The Properties tool operates in a similar manner, but the tool need to be selected before selecting an entity:

  1. From the menu select Tools -> Modify -> Properties, or click the Properties icon icon84.

  2. Select the entity.

  3. In the Properties dialog, select the desired layer or pen attribute from the appropriate selection box.

  4. Click Ok.

Geometry (Properties)

The Properties tool also allows the geometry of an entity to be changed. The geometry is the information used to describe the entity. The geometry available depends on the type of entity, for example:

Properties - Line

Properties - MText

Some entities, such as a polyline, have limited properties available that can be changed. Other entities, such as Text, have many properties that can be changes (including the text itself).

Also, the properties of a specific entity type, e.g. line, does not vary even if the specific tool used to create the entity varies. A line drawn with the 2 Point line tool will have the same properties as a line drawn with Angle tool.

Entity Type

Drawing Tool

Properties

Line

2 points, Angle, Horizontal, etc

Start and end point X/Y coordinates

Circle

”Centre, Point”, 2 Points, etc

Center point X/Y coordinates, radius

Curve

”Center, Point, Angles”, 3 Points, etc

Center point X/Y coordinates, radius, start/end angle

Ellipse

Ellipse (Axis), Ellipse Foci Point, etc

Center point X/Y coordinates, major/minor axis, rotation, start/end angle

Polyline

Polyline, Rectangle

Open or closed

Text

Text

Text, font, text height/angle/width factor, alignment, special characters

MText

MText

Text, font, text height/angle/line spacing, alignment, special characters

Dimension

Aligned, Linear, etc

Label, special symbol

Blocks

Block List, Library Browser

Insertion point X/Y coordinates, scale X/Y, rotation angle, array rows / columns and spacing

Drawing Views

LibreCAD supports two drawing views to represent three-dimensional objects:

  • Orthogonal: Uses multiple two-dimensional views.

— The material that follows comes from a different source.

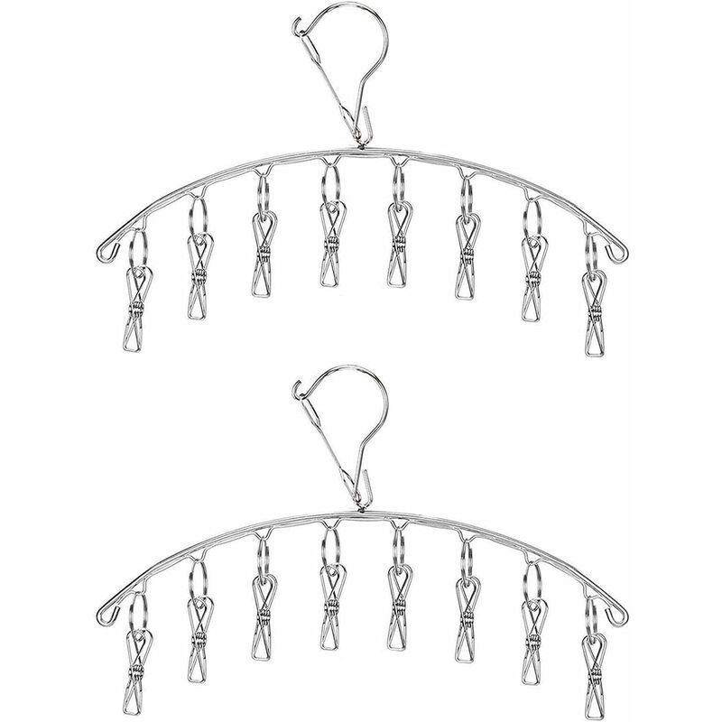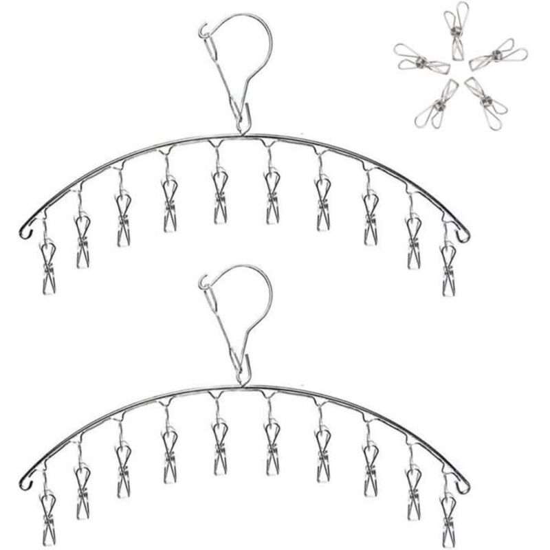 Lot de 2 séchoirs à chaussettes en acier inoxydableavec 40 clips - Cintre,Étendoir à Linge à Suspendre,Petit séchoir à linge - Coupe-vent - Pour

  • Isometric: Represents a three-dimensional view in two dimensions.

Orthogonal View

Doohickey - Orthogonal View

Doohickey - Orthogonal View with Construction Lines (blue)

Orthogonal drawings use multiple views to provide a complete description of an object. Each view of an orthogonal drawing is parallel to the axes. Normally a front (the most complex view), top and right view are added to the drawing. Additional views; back, left and bottom can be added if necessary.

Orthogonal drafting beyond the scope of the LibreCAD User Manual, but additional resources and examples are available in LibreCAD’s wiki or elsewhere on the web.

../_images/whiteLine.png

Isometric View

Doohickey - Isometric View

Doohickey - Isometric View

Isometric drawings represent an object on three axes in a two-dimensional drawing. Isometric drawings uses the same tools for creating, modifying and changing attributes as an orthogonal drawings, but on a grid configuration specific for an isometric perspective. Set the grid to suit an isometric perspective on the Grid tab of Drawing Preferences. Selecting “Isometric Grid” displays the grid on three axes (X,Y,Z) allowing 3 dimensional drawings to be drawn in a 2D view.

In addition to setting the grid for isometric drawings, the “Snap indicator lines” on the Appearance tab of Application Preferences can be set to “Isometric” to assist in with locating entities on the grid. The “Isometric” crosshairs can be configured to Left, Top or Right to further aid in locating points on the grid.

Isometric drafting does require some techniques unique to isometric projection and is beyond the scope of the LibreCAD User Manual, but additional resources and examples are available in LibreCAD’s wiki or elsewhere on the web.